* What is being asked *
Within the entries below, please return exactly the lines from the one with "Trying to highlight" through the one with "Magyar Szó, 44.", leaving out any pictures.

(Task material begins)

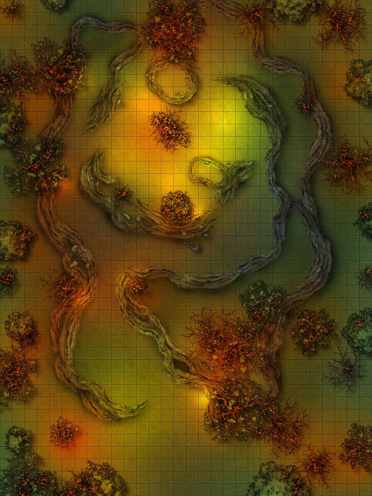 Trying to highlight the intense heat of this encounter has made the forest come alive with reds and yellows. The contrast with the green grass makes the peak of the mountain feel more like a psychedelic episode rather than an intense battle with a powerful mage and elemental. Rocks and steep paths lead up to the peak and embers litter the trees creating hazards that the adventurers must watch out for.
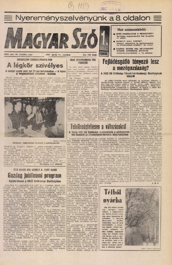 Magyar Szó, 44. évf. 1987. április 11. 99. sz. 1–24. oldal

(Task material ends)
(Task material begins)

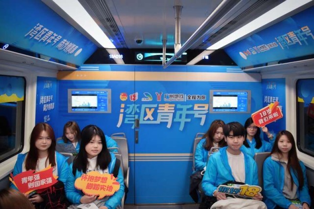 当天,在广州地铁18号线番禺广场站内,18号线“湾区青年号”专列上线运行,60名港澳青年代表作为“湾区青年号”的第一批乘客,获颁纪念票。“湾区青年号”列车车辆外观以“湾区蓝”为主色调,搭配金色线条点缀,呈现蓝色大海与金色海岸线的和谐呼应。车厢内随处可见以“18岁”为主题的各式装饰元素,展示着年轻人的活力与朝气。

(Task material ends)

* Answer space *
 Trying to highlight the intense heat of this encounter has made the forest come alive with reds and yellows. The contrast with the green grass makes the peak of the mountain feel more like a psychedelic episode rather than an intense battle with a powerful mage and elemental. Rocks and steep paths lead up to the peak and embers litter the trees creating hazards that the adventurers must watch out for.
 Magyar Szó, 44. évf. 1987. április 11. 99. sz. 1–24. oldal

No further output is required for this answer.